I have a scenario where I am able to read data frame from Apache Drill using Spark SQL(Python) but I am not able to perform any joins.
Below is how the queries look like
def drillConnection(tableName):
return spark.read.format("jdbc").options(url="<connection url>",driver="<drill driver>",dbtable="<table>",user="<un>",password="<pwd>").load()
df_query = '''SELECT COL1,COL2,COL3 FROM TABLE'''
# <We have another data frame read from a file. Lets name it DataF>
df = drillConnection(df_query)
# drillConnection is where we get the data as a data frame from drill
newDF = df.join(DataF,'COL1')
newDF.show()
After running the above piece of code, I am getting the below error
java.sql.SQLException: Failed to create prepared statement: PARSE ERROR: Encountered "\"" at line 1 col 22.
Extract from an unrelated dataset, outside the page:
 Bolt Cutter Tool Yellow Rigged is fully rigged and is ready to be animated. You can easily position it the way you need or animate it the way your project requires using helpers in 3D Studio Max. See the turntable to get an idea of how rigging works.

To be exact, the error at the query level where Spark internally converts looks like this
Query SELECT * FROM (SELECT "COL1" FROM (SELECT COL1,COL2,COL3 FROM TABLE)) LIMIT 0
^
Kindly help me on this as it does not seem like I'm doing anything wrong. It's a basic operation and it works well when I run in Hive. Thanks.
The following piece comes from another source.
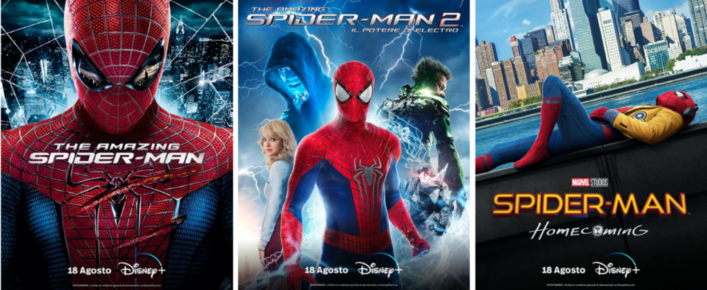 Disney+ ha annunciato che il 18 agosto arriveranno sulla piattaforma streaming sei film di Spider-Man™, dando accesso ai fan ad ancora più contenuti Marvel, tutti in un unico posto. Saranno disponibili i primi film di Spider-Man™: Spider-Man™ (2002), Spider-Man™ 2 (2004), Spider-Man 3 (2007), The Amazing Spider-Man™ (2012), The Amazing Spider-Man™ 2: Il Potere di Electro (2014) e Spider-Man: Homecoming (2017).

PS: Please note that its not a duplicate of Spark SQL - load data with JDBC using SQL statement, not table name as the op there was looking to read the tables from a database. Where as here, I am able to extract the data from database and I am facing issue with respect to join. I am not doing anything like adding double quotes to the columns names etc. Its spark thats doing it internally and not me. The dummy error that I am seeing above is after spark did its own query and not something that I wrote. I am preforming a simple join operation after reading data from Drill. Hope this clarifies.